= Med-Peds =

Medical specialty

Internal medicine-pediatrics, or med-peds, is a medical specialty in the United States in which doctors train to be board certified in both internal medicine and pediatrics. A residency program in med-peds is four years in length, contrasted with three years for internal medicine or pediatrics alone. Upon completion of a med-peds residency, a doctor can practice in the areas of internal medicine or pediatrics or can complete a fellowship program to further specialize in an internal medicine or pediatrics sub-field.

==History==
Combined internal medicine-pediatrics residency programs have existed since 1967, with its origins beginning as early as 1949 in the form of a two-year rotating internship. The specialty was initially established to provide broad-based training in primary care, but programs now offer a curriculum that prepares residents for primary care, hospital medicine, or education in the subspecialties.

==Training==
Internal medicine physicians, or internists, train three additional years after medical school leading to board certification in internal medicine. Pediatricians train three additional years after medical school to board-certify in pediatrics. Med-peds physicians train for four years and can be "double-boarded" for both these specialties. Since there is frequent crossover of disease and treatment between children and adults, med-peds training consolidates these two specialties into four years. The performance of med-peds physicians on the two national board exams is equal to their one-specialty (specific internist or pediatrician) counterparts.
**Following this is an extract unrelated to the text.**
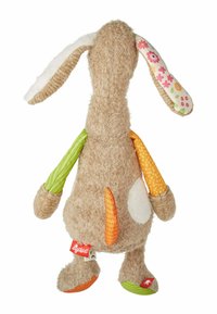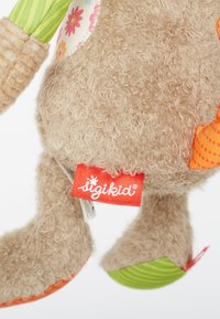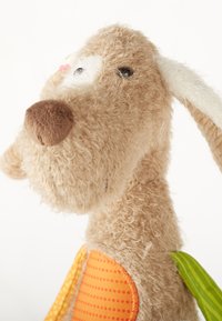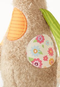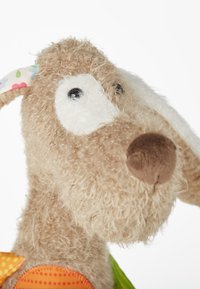 Jouet en peluche en forme de chien avec un corps beige texturé, des oreilles à motifs colorés et des accents à pois en orange, vert et rose. Possède des membres en peluche et mous.

The ACGME sets requirements for residency programs in medicine-pediatrics. They require that the curriculum be specific for the combined program, not merely training in one specialty after the other. Residents should not be assigned to a medicine service or a pediatrics service for more than 6 consecutive months. Training is required to include experience in the emergency department, critical care services, geriatrics, neonatal intensive care, adolescent medicine, research, and at least four subspecialty services each for adults and pediatrics including cardiology and neurology. At least one-third of training must be with inpatients and one-third with outpatients.

Med-peds physicians are heavily trained for primary care. A recent study on post-residency training showed that 61% of med-peds physicians pursue primary care as a career, 18% enter subspecialties, and 17% pursue hospital medicine. Many subspecialties are available to the med-peds physician, with the current most popular being Infectious Disease, Critical Care, Allergy/Immunology, and Endocrinology.

== Comparison with family medicine ==
Med-peds and family medicine are similar in patient populations. Physicians of both specialties can care for all patients from newborn to geriatric patients. Med-peds physicians tend to score higher on licensing exams; the average new med-peds resident scored 236 on step 1 while the average family medicine resident scored 221 in 2016 (the average new resident in all specialties combined scored 233). Family medicine residents train for three years, while med-peds residents train for four. Med-peds physicians are given more training in order to become more proficient at treating and diagnosing more complex diseases, including more emphasis on critical care medicine. Med-peds physicians also receive equal training in adults and pediatrics while family medicine physicians spend a larger percentage of their training working with mostly adults; most family medicine residencies typically spend just 9 months dedicated to pediatrics. Med-peds prepares a physician well for private practice, academic medicine, hospitalist programs, and fellowships. A trend also seen is that an increasing percentage of med-peds physicians treat inpatients (patients in the hospital) as opposed to an outpatient clinic setting.